A terra fez sua translação e então voltou ao ponto de partida. Este movimento, associado a sua rotação, nos ajuda a contar a grandeza física chamada tempo. Com este moto perpétuo circular ou nem tanto, criamos fórmulas para registrar o tempo e chamamos a uma parte dele de dia, ao intermediário, pouco mais que um ciclo lunar, chamamos mês e ao maior deles, denominamos ano. Associamos a estes nomes e números a memória, os planos, as esperanças, expectativas e nos lançamos num rodopiar espaço afora que está dentro de outros infindáveis rodopios cósmicos.
Domado o tempo, passamos às tarefas de registro. Quanto olhamos para trás, chamamos história. Se olhamos para frente, dizemos futuro. Ao presente apelidamos de rotina, não raras vezes, tédio. Isso porque esta passagem de tempo, grãozinhos de areia que caem um após o outro, tantas vezes sem significação – é duro dar significado permanente às coisas sem que façamos, quase de forma ininterrupta, avaliações, medidas, críticas – é uma maçada. Rápido caímos no ramerrame da repetição dos atos, palavras e relações. Não me entendam mal, uma boa e velha rotina faz um bem danado. Menos quando estamos nela.

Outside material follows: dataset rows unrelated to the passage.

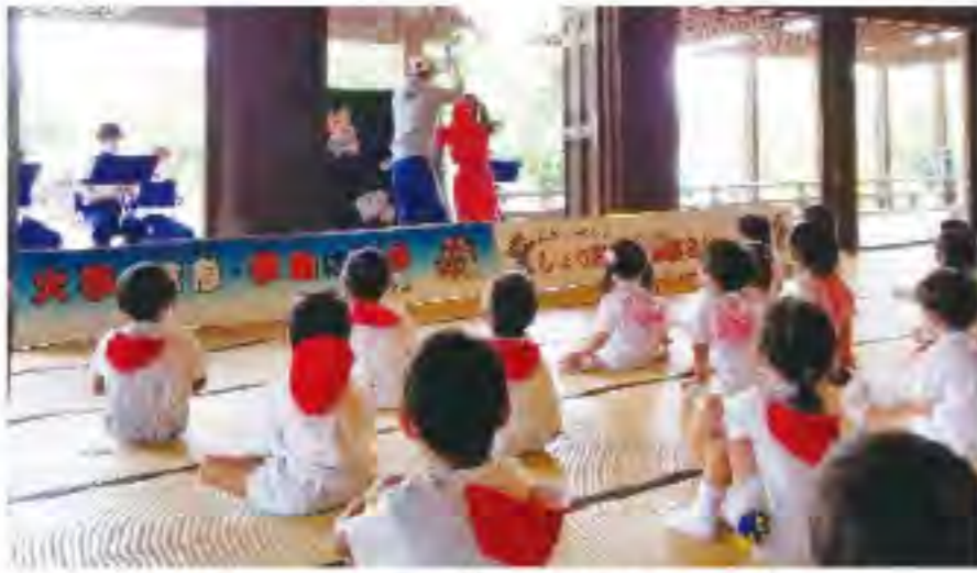
キャラクターショー「ほのおちゃん」 火遊びは絶対してはいけないことを学びました。

夏の文化財防火運動期間中（七月十二日～同十八日）の七月十三日（火曜日）、新型コロナウイルス感染症拡大に留意しながら西京消防署、京都市消防音楽隊、西山幼稚園、西山別院による合同消防訓練を実施しました。訓練は、本願寺西山別院の本堂前付近から出火し、本堂内に重要文化財や逃げ遅れ者がいるとの想定で訓練を行いました。西山幼稚園の園児らは、本堂前での放水訓練を見学し、同日実施の消防音楽隊コンサート（本堂内）と消防車両見学（本堂前白洲）は、三密回避のために二班に分かれて参加しました。参加者全員が貴重な文化財を守り、後世に伝えていく大切さを改めて実感いたしました。
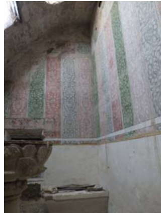
Bautisterio. Murales del XVIII.
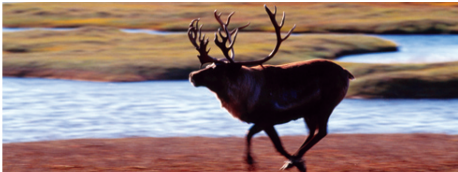
Caribou ( Rangifer tarandus ) running on the tundra, Kobuk Valley National Park, Alaska, USA
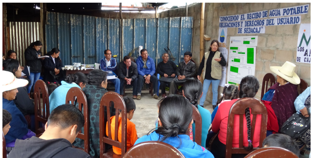
Sesión educativa realizada por el personal técnico del proyecto EDUSA Cuidado del Agua, Municipalidad Provincial de Cajamarca y el personal de la EPS Sedacaj S.A. para lograr el mayor conocimiento del recibo de agua.

El proyecto EDUSA - Cuidado del agua, forma parte del Programa Agua para Cajamarca que ha ejecutado distintos proyectos de infraestructura desde el 2012, logrando incrementar la dotación horaria de agua potable a más de 180 mil cajamarquinos.

Mas no início de outro ciclo temos a sensação de que tudo é ou será novo e nos animamos com isso. Somos contagiados pelos demais, companheiros de giro, que se lançam a fazer projetos sofregamente e nos cobram se não os seguimos. Logo estamos fazendo planos, estabelecendo metas, renovando promessas antes não cumpridas, mas que agora, por artes deste estado de sentimento, há certeza cristalina, serão realizadas. Em algum lugar em nós, uma leve desconfiança nos diz que procastinaremos até que demos outra volta e, num suposto novo ponto de partida, repitamos tudo outra vez.

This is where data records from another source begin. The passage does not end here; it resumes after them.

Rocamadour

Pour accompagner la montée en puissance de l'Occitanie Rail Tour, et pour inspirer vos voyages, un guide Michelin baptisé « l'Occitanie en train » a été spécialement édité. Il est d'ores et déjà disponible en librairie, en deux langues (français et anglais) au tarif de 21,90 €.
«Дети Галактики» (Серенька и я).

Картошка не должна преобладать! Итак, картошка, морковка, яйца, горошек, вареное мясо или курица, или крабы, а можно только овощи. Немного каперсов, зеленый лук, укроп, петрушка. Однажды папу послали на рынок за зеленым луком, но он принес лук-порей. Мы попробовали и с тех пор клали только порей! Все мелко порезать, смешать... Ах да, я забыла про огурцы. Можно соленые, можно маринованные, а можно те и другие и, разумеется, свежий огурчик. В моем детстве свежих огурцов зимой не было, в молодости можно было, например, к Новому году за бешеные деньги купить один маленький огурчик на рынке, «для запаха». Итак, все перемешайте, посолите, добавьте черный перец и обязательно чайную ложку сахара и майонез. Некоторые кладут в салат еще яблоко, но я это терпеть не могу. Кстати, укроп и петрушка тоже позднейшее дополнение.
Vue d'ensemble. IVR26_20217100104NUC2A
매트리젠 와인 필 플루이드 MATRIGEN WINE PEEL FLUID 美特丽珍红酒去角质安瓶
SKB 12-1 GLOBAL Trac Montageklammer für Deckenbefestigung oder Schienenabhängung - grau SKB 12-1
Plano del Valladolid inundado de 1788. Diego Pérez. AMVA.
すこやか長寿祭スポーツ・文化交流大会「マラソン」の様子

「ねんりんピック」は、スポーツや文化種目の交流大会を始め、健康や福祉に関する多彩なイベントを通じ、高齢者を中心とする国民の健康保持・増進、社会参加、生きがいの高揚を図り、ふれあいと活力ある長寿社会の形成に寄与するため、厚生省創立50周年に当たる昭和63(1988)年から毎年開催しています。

O tempo escorre continuamente e ao dar nomes a partes dele, esquartejá-lo em pedaços grandes como o faria Jack e depois em menores até proporções atômicas, temos convicção, nós o dominamos. Mas diante do espelho ou pior ainda, no espelho do rosto do outro que nos acompanhou a história efêmera, desacostumados com suas rugas, vincos, cabelos brancos, pele flácida, espantamo-nos horrorizados: Meu Deus, faz 40 anos! Como passou rápido!
Nós, provisórios, precisamos do que é permanente. Então, acima de tudo, apego-me a Deus que, diz a Escritura, é imutável. Mas Ele costuma ser arredio aos nossos scripts. Desculpem, tenho ojeriza aos pedidos detalhados como quem faz lista de supermercado e o repassa ao estafeta para adquiri-lo para nós. Já sei, já sei, sem explicações, isto caso apareça alguém que me queira fazer atravessar a rua por me supor cego, só porque me vê parado e de óculos escuros quererá fazer sua boa ação como bom cristão.
Lembro-me agora do filme Ratatouille. Anton Ego, o crítico implacável, capaz de destruir a fama de um restaurante com apenas uma linha escrita, visita o restaurante de que todos estão falando. Uma nova direção, supostamente melhor ainda que o antigo chef Gusteau. Ao comer a comidinha banal, dos pobres, o tal ratatouille, é capturado por lembranças de uma infância difícil. Aquela comida lhe transporta ao amor da mãe dedicada e protetora. Muitas reviravoltas depois, num recomeço promissor, agora fã do ratinho chef Remy, Anton, um homem feliz, espera para ser servido. Perdeu a armadura e a agressividade, apenas desfruta o ambiente. Num dado momento, dirige-se a Remy que agora comanda a cozinha por direito e talento extraordinário e diz: Me surpreenda! Agora eu diria a Deus, sem nada pedir: Surpreenda-me, Senhor.